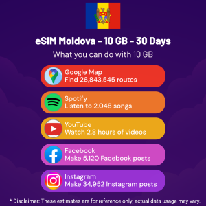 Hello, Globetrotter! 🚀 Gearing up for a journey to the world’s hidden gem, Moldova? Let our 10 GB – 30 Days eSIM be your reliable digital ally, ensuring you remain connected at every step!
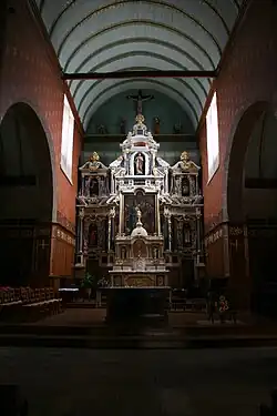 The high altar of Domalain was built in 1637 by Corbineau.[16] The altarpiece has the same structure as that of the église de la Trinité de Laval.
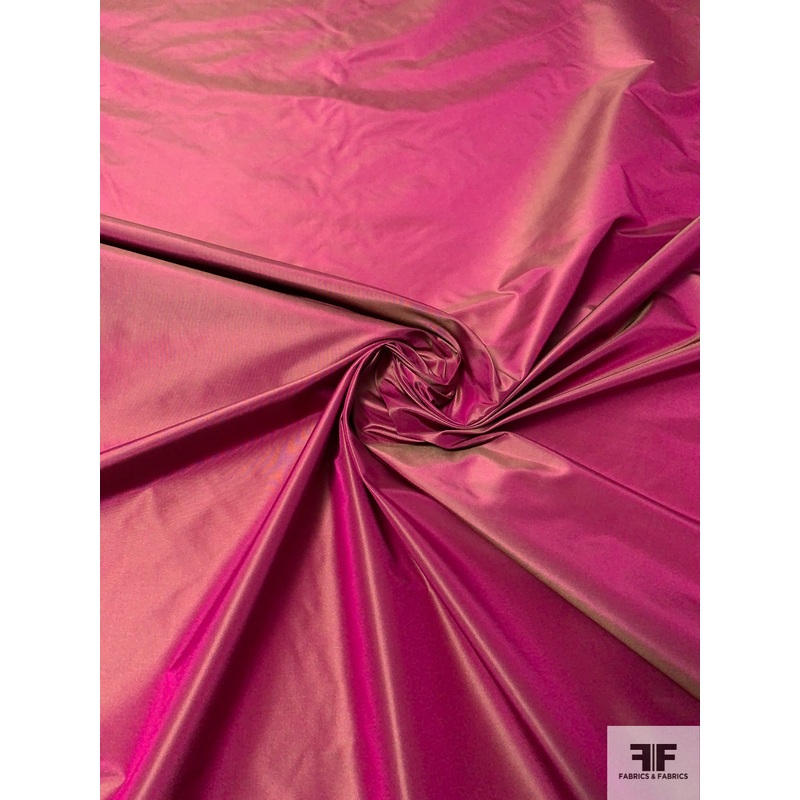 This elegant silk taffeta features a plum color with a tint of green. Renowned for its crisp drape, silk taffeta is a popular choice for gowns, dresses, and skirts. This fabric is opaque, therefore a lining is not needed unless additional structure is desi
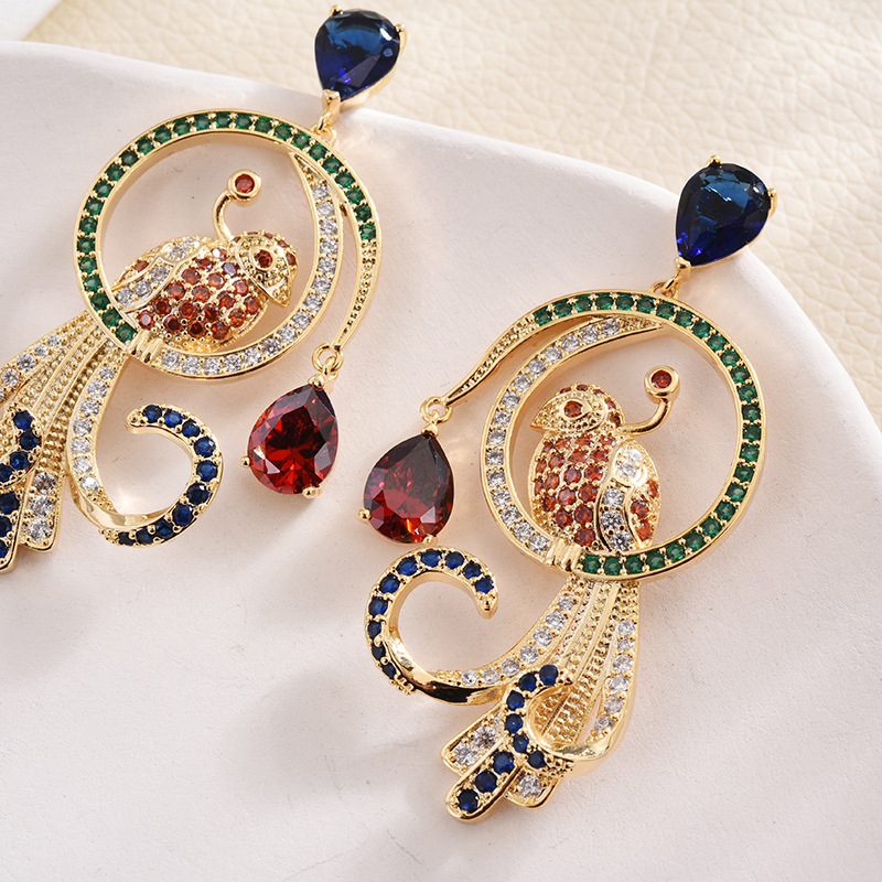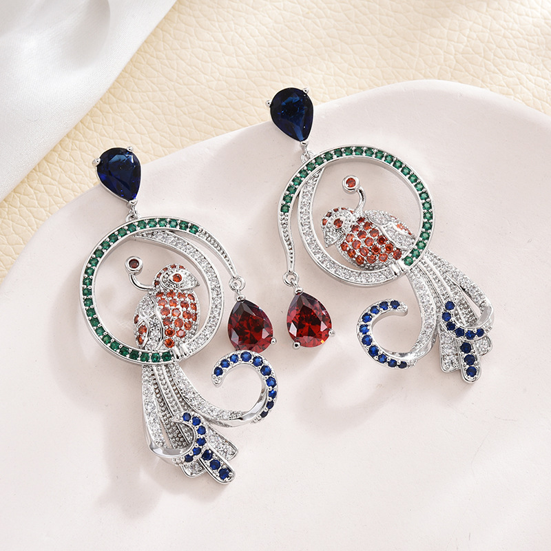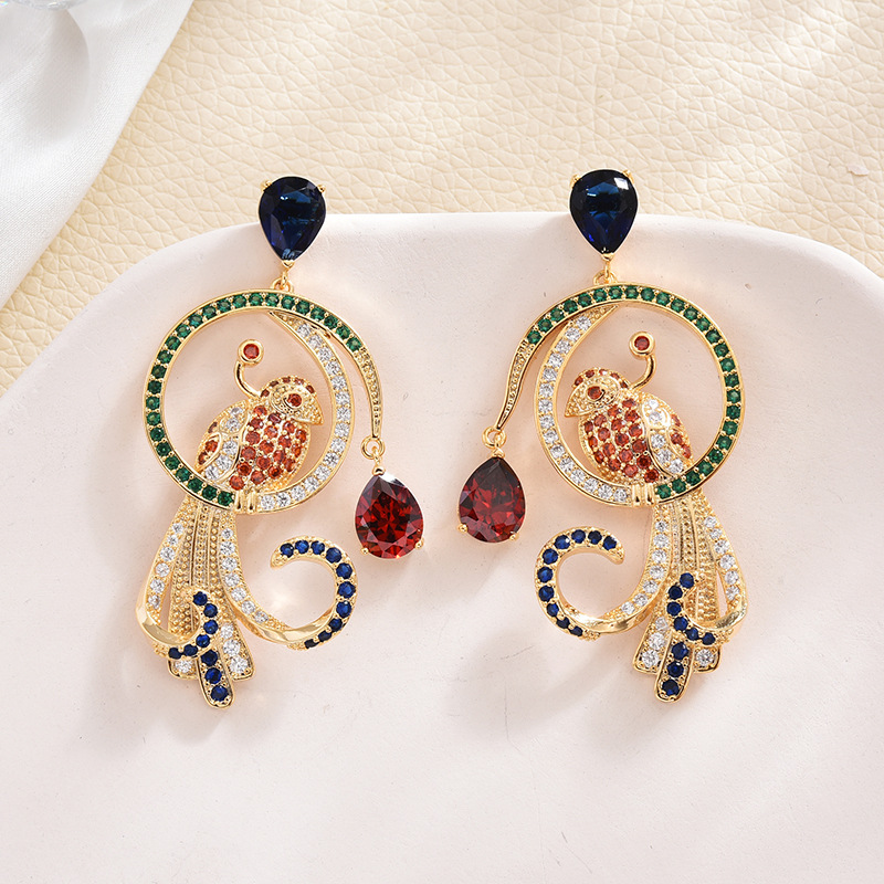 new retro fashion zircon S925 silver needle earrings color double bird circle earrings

* * * * * * * * *

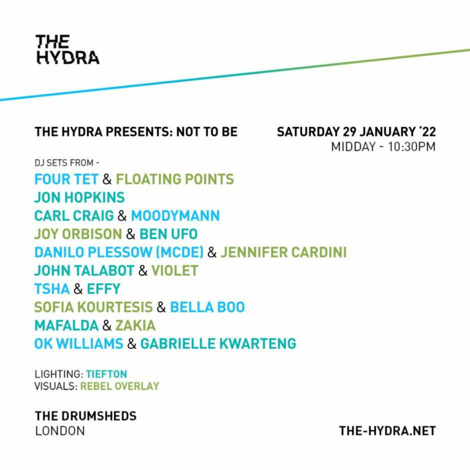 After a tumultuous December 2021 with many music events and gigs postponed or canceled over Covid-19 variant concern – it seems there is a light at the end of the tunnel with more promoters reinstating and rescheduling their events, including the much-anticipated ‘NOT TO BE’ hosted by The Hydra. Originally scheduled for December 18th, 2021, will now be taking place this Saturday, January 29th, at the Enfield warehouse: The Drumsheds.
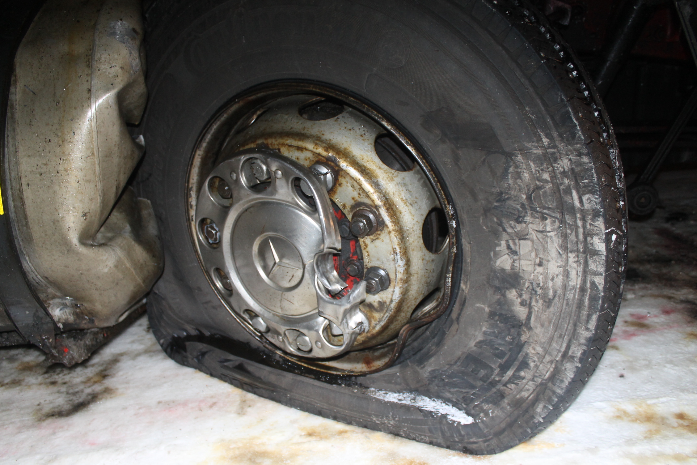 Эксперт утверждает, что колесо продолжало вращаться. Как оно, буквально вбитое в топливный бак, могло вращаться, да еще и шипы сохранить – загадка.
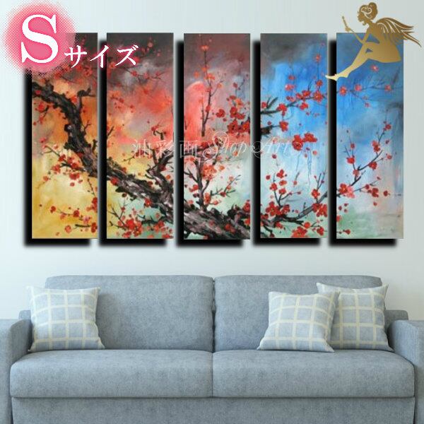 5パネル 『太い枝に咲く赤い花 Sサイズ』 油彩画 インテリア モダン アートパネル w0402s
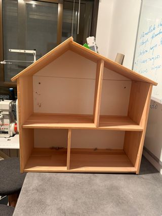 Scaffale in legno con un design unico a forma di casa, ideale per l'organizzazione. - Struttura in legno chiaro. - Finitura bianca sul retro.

* * * * * * * * *

▶ _WORK TO BE COMPLETED_:
In the listing above, find the line with "The high altar" and the line with "new retro fashion". Transcribe those two and everything between, exactly, leaving out pictures.

▶ _PROBLEM SOLUTION_:
 The high altar of Domalain was built in 1637 by Corbineau.[16] The altarpiece has the same structure as that of the église de la Trinité de Laval.
 This elegant silk taffeta features a plum color with a tint of green. Renowned for its crisp drape, silk taffeta is a popular choice for gowns, dresses, and skirts. This fabric is opaque, therefore a lining is not needed unless additional structure is desi
 new retro fashion zircon S925 silver needle earrings color double bird circle earrings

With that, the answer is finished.